## Directions:
Word for word, restate the lines of the data below between those holding "Rodenbach Classic es" and "You’ll drape garlands, tuck", inclusive; pictures do not belong in the copy.
──────
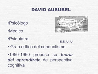 David Ausubel propuso la teoría del aprendizaje significativo, la cual sostiene que el aprendizaje ocurre cuando la nueva información se integra de manera sustancial y no arbitraria a la estructura cognitiva previa del estudiante. Ausubel criticó el conductismo por ignorar la estructura cognitiva del estudiante y promovió el aprendizaje significativo sobre el aprendizaje memorístico. Propuso el uso de organizadores previos y tres condiciones para lograr el aprendizaje significativo.
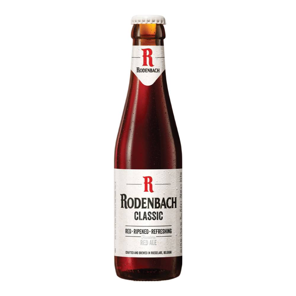 Rodenbach Classic es la cerveza rojiza flamenca original. Es el resultado de la combi- nación de cerveza joven (75%) y cerveza madura (25%) para luego ser añejada en barricas de roble, aportándole este proceso una acidez pronunciada y una delicada nota frutal. Color Rojizo. Aroma frutal con un toque a caramelo. Retrogusto ligeramente ácido y frutal. Color rojizo.
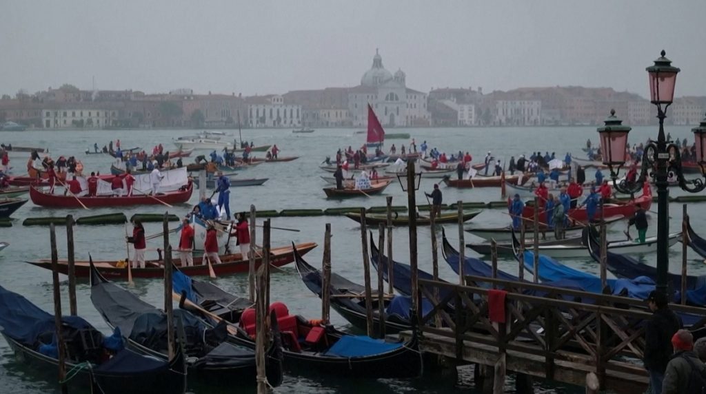 মোটরচালিত নৌকা বন্ধের দাবিতে ব্যাপক বিক্ষোভ হলো ইতালির ভেনিসে। শনিবার দাঁড় টানা নৌযান নিয়ে অংশ নেন শত শত বাসিন্দা।
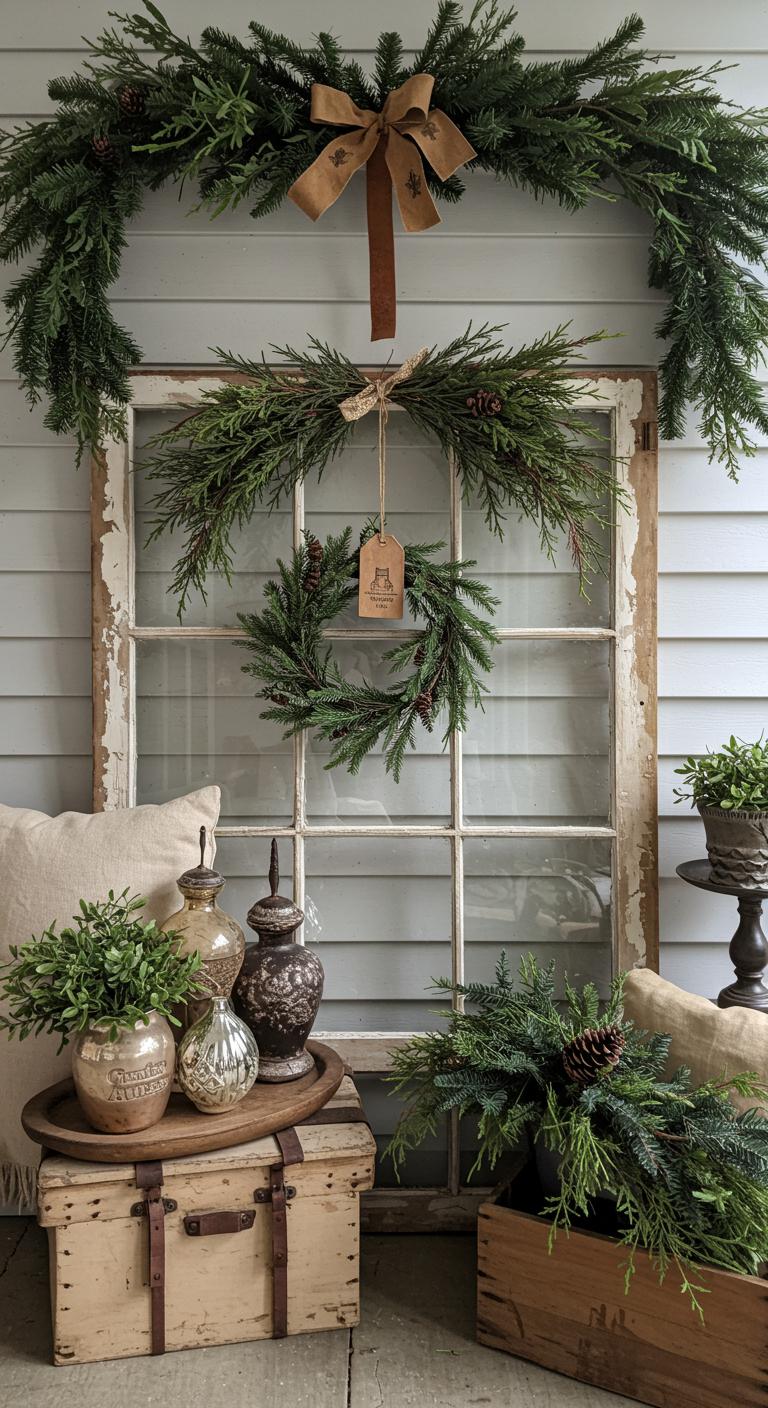 You’ll drape garlands, tuck sprigs into panes, and add vintage embellishments like tarnished ornaments and leather tags.
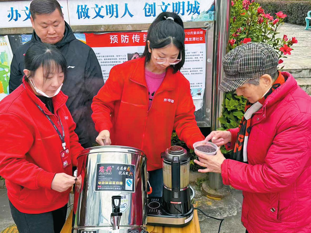 本报讯(记者 黄思敏 通讯员 许超 文/图)冬至是我国的二十四节气之一,也是一个传统节日。为让辖区居民进一步了解传统文化、感受节日氛围,12月17日上午,红塔区凤凰街道高龙潭社区联合葫田二区开展“党旗引领暖冬至 共建共享庆团圆”主题活动,让居民们在冬日里感受传统文化的温暖,增进邻里情谊。 活动现场,社区工作人员为居民送上热腾腾的饺子和八宝粥,并讲解冬至习俗。大家边品尝边交流,场面温馨融洽。现场还设立了健康咨询台,医护人员为居民提供血压测量、中医把脉和健康咨询服务,针对常见病与季节性疾病的防治进行解答,并为行动不便的老人提供上门服务。工作人员还分发了养生汤,并结合当前流感多发的情况,讲解相关预防知识。 针对行动不便的独居老人,社区同步开展了“送暖上门”行动,为他们送上饺子和八宝粥,并关切询问他们的生活近况,让特殊群体在寒冬中感受到社区的关怀。此外,活动现场还开展医保政策宣传,解答参保缴费、报销流程等问题,并发放交通安全告知信,普及安全常识。 此次活动以冬至节气为契机,通过暖心服务和互动,搭建起党群联系、邻里互助的平台,进一步营造了共建共治共享的社区氛围。下一步,高龙潭社区将在“党建+暖心”服务宗旨指引下,整合资源,探索更多特色鲜明、贴近群众的活动形式,共同营造温暖、和谐的社区环境。 |
──────
## Response:
 Rodenbach Classic es la cerveza rojiza flamenca original. Es el resultado de la combi- nación de cerveza joven (75%) y cerveza madura (25%) para luego ser añejada en barricas de roble, aportándole este proceso una acidez pronunciada y una delicada nota frutal. Color Rojizo. Aroma frutal con un toque a caramelo. Retrogusto ligeramente ácido y frutal. Color rojizo.
 মোটরচালিত নৌকা বন্ধের দাবিতে ব্যাপক বিক্ষোভ হলো ইতালির ভেনিসে। শনিবার দাঁড় টানা নৌযান নিয়ে অংশ নেন শত শত বাসিন্দা।
 You’ll drape garlands, tuck sprigs into panes, and add vintage embellishments like tarnished ornaments and leather tags.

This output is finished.